I’ve read through a few posts here and the API references, and it seems that there isn’t any way to filter / limit the file search of a vector store to any specific files or set of files, lets say year <= 2010, or file name with “Apple”. I would like to confirm if that’s the case, or I’m missing any functionality that could implement such feature, or any ways to wrap the file search to an external tool / code. I’m mainly trying to avoid look-ahead bias, but creating a separate vector store for each year or company-year seems to be both tedious and a waste. Any ideas is appreciated. Thanks!
You are correct.

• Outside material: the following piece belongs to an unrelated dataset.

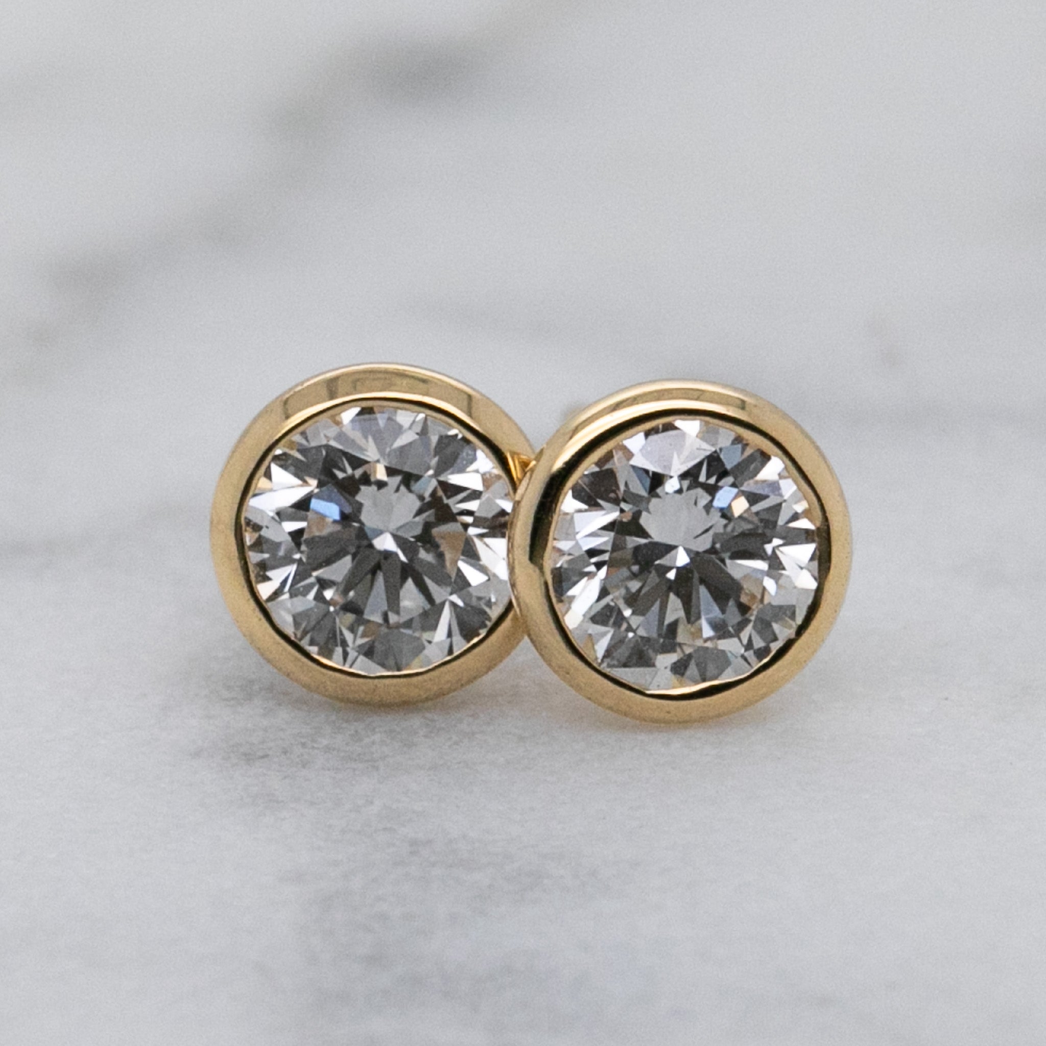 The sleek bezel setting frames each diamond in polished 18k yellow gold, creating a smooth, modern silhouette that enhances both security and shine. Lightweight at 1.79 grams, these studs are comfortable for all-day wear while delivering a refined, high-end look.

In Assistants, all files in a vector store, and even multiple vector stores when one is attached to an assistant and another is created as a thread attachment, are combined, and the top-ranked document chunks are returned from the entirety.

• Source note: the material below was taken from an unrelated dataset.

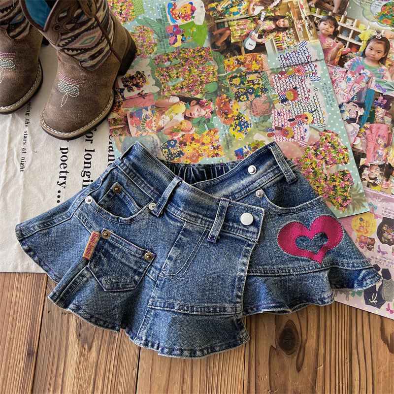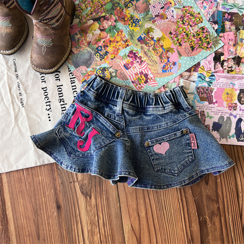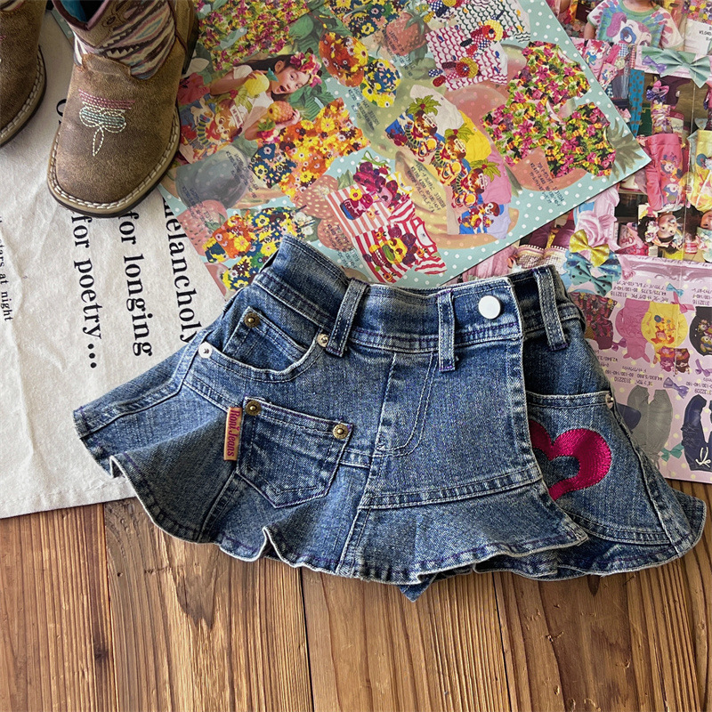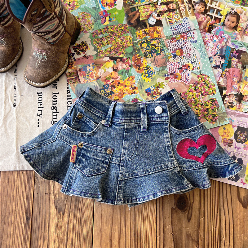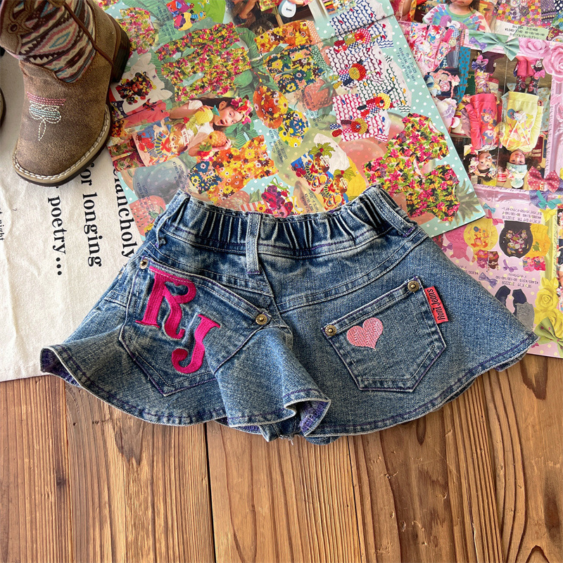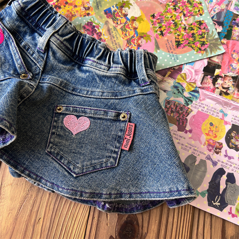 [재고] 일본 중세아동복 로니걸스 스커트 쥬에디션 수놓은 사랑 데님 안전 바지로 치마스토어 가기

The documentation is fragmented so it can’t really refer to a whole file unless short; just knowledge sections of high relevance.
You could be extra-clever, and do something unattempted as far as I know: offer a tool to switch the document data that will be found in a file search, one where the AI is instructed to call it first to use the appropriate data.
With that you could capture the tool call, and then rebuild the existing vector store ID with new documents from your subset list, only returning the tool_call once extraction and inclusion is complete. This could only really work on a one-user assistant and vector store, as you can’t change anything else while a run is in progress. Then the next tool call from the AI might be an internal one to its file search.
Much easier to map out the kind of pattern you want to provide the AI as selective informationn, and just provide your own Chat Completions knowledge tools, or even have them powered through a user interface.
i store each file separately and then attach them dynamically to the thread as necessary.